Reprint all of the data below exactly as shown and skip every image.

DATA SEGMENT Start Marker

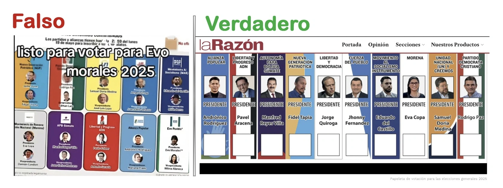 La contenido muestra la imagen de una papeleta de sufragio en dos filas. En la última ubicación (10) se encuentra Evo Pueblo con las fotos de Evo Morales, como candidato a la presidencia, y Wilma Alanoca, a la vicepresidencia. Y en un costado se ve el logo del periódico La Razón.
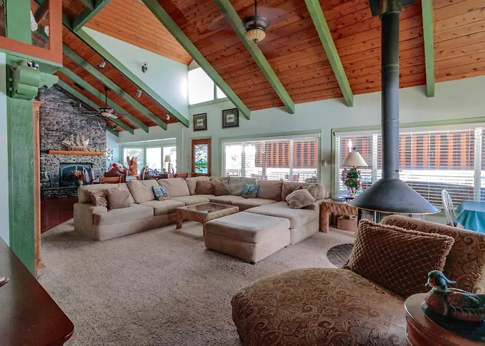 Tijdens hun verblijf in deze 4-slaapkamer Knott Lakeview Bass Lake villa kunnen gasten wandelen, fietsen en vissen proberen of een bezoek brengen aan Bass Lake, 3 km verderop.
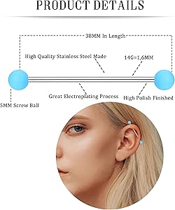 Kakonia Industrial Piercing Gioielli 14G 16G Catena In Acciaio Inox Orecchini Industriali Cartilagine Piercing Orecchini Bilanciere Industriale Per Le Donne Degli Uomini D'argento : Amazon.it: Moda
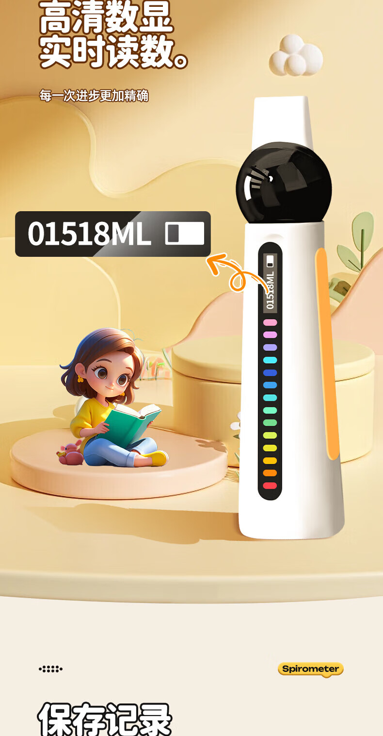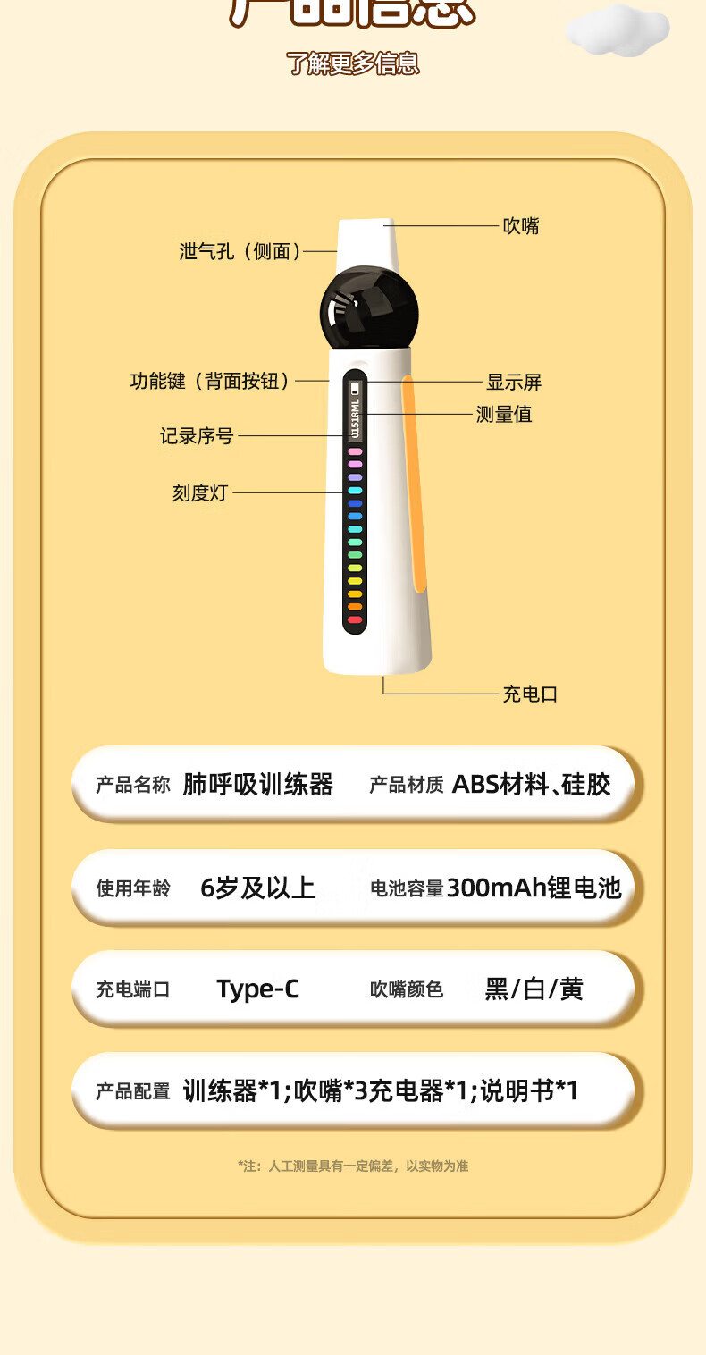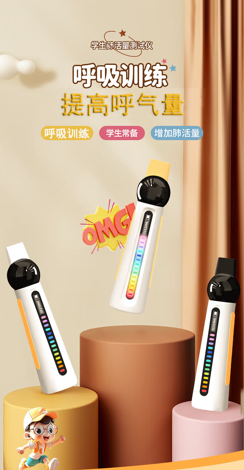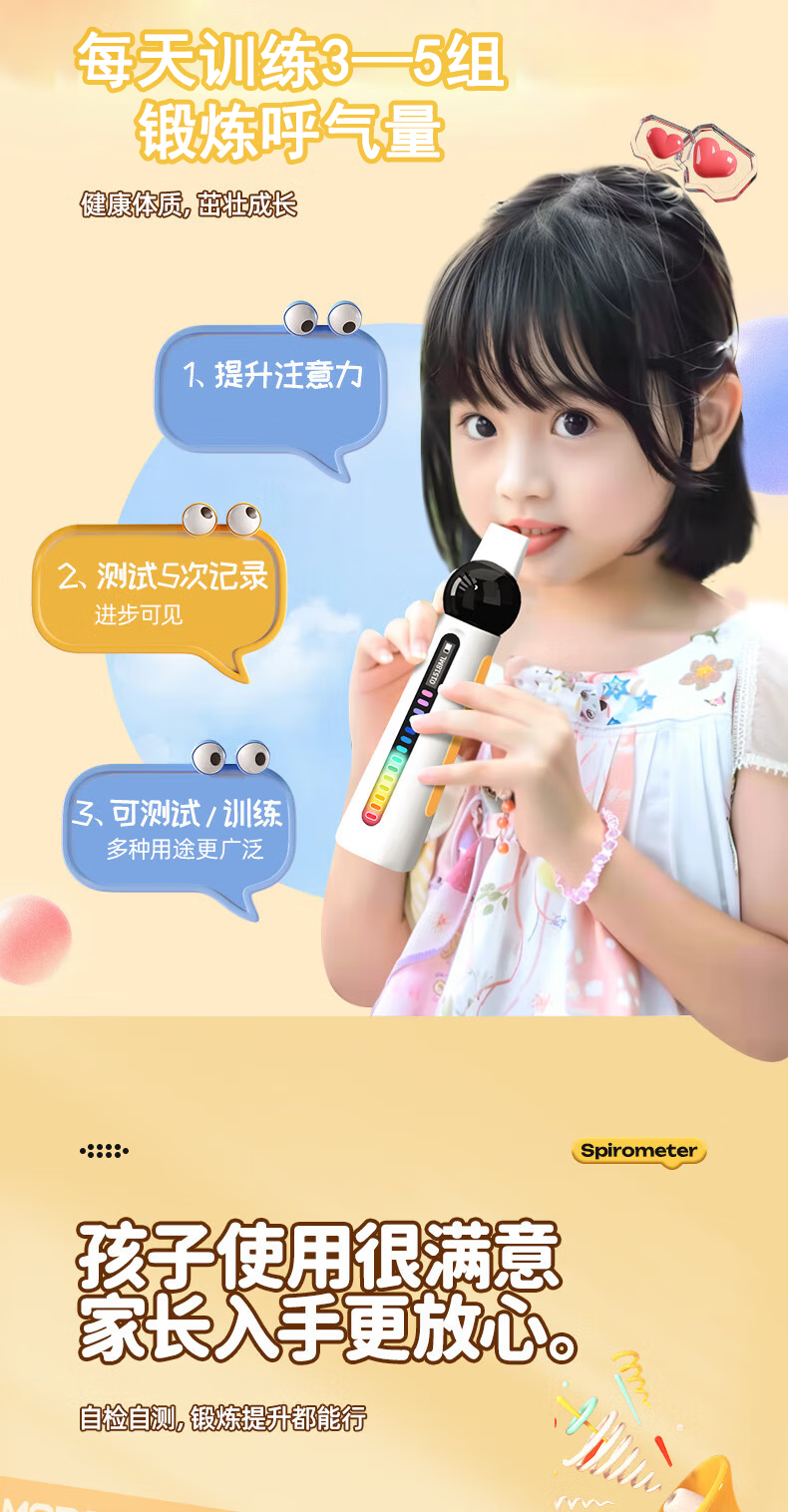 小在意肺活量呼吸训练器儿童锻炼肺部呼吸功能中小学生中考体测测试仪 【儿童/学生体侧】呼吸训练器【赠3个吹嘴+收纳袋】

DATA SEGMENT End Marker

*RESULT*
 La contenido muestra la imagen de una papeleta de sufragio en dos filas. En la última ubicación (10) se encuentra Evo Pueblo con las fotos de Evo Morales, como candidato a la presidencia, y Wilma Alanoca, a la vicepresidencia. Y en un costado se ve el logo del periódico La Razón.
 Tijdens hun verblijf in deze 4-slaapkamer Knott Lakeview Bass Lake villa kunnen gasten wandelen, fietsen en vissen proberen of een bezoek brengen aan Bass Lake, 3 km verderop.
 Kakonia Industrial Piercing Gioielli 14G 16G Catena In Acciaio Inox Orecchini Industriali Cartilagine Piercing Orecchini Bilanciere Industriale Per Le Donne Degli Uomini D'argento : Amazon.it: Moda
 小在意肺活量呼吸训练器儿童锻炼肺部呼吸功能中小学生中考体测测试仪 【儿童/学生体侧】呼吸训练器【赠3个吹嘴+收纳袋】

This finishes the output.